On Aug. 4, the Remembrance Day for Serbs killed and exiled during Operation Storm, Serbian President Aleksandar Vucic said that the convoys of tractors, refuge seeking, murders on the Petrovac Road (Petrovacka cesta), and “someone’s clear intention not to have any Serbs left in Croatia” had all become part of the Serbian identity.
“Croatia celebrates this day as its Victory and Homeland Thanksgiving Day. Victory over whom? Over good and humble people, honest householders and farmers,” Vucic said in the evening on Aug. 4 during the commemoration service held in Busije, near Belgrade.

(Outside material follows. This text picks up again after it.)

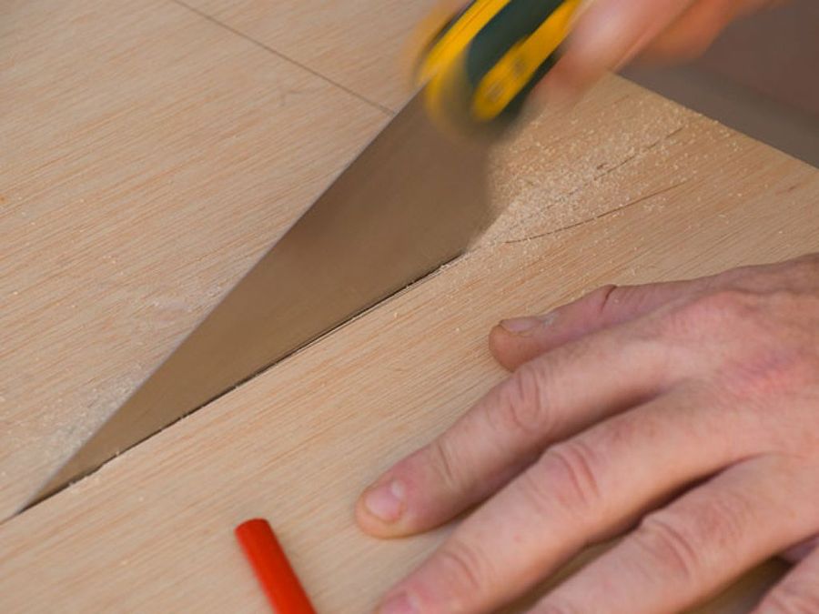 …y comenzamos a cortar, usando nuestra espléndida sierra japonesa. Siempre que es posible, efectuamos los cortes a mano, que resultan fáciles en contrachapados de hasta 15 mm de grosor.

He added that in today’s Serbia new politics and generations had come to force, “young people who wish to proudly and with their heads held high” talk about the crimes their nation had suffered, while also acknowledging the crimes committed by the Serbs.
Serbian Patriarch Porfirije, who was also present at the manifestation, told the attendees that the victims should be mourned but not used to “deepen the [downward] spiral of conflict.”
Croatia launched Operation Storm on Aug. 4 1995 with an attack on what was then the Republic of Serbian Krajina. Somewhere between 200,000 and 250,000 Serbs fled before the Croatian forces, while around 2,000 people were killed or went missing. Operation Storm is seen in the Serbian public as one of the greatest ethnic cleansing campaigns in Europe since World War Two.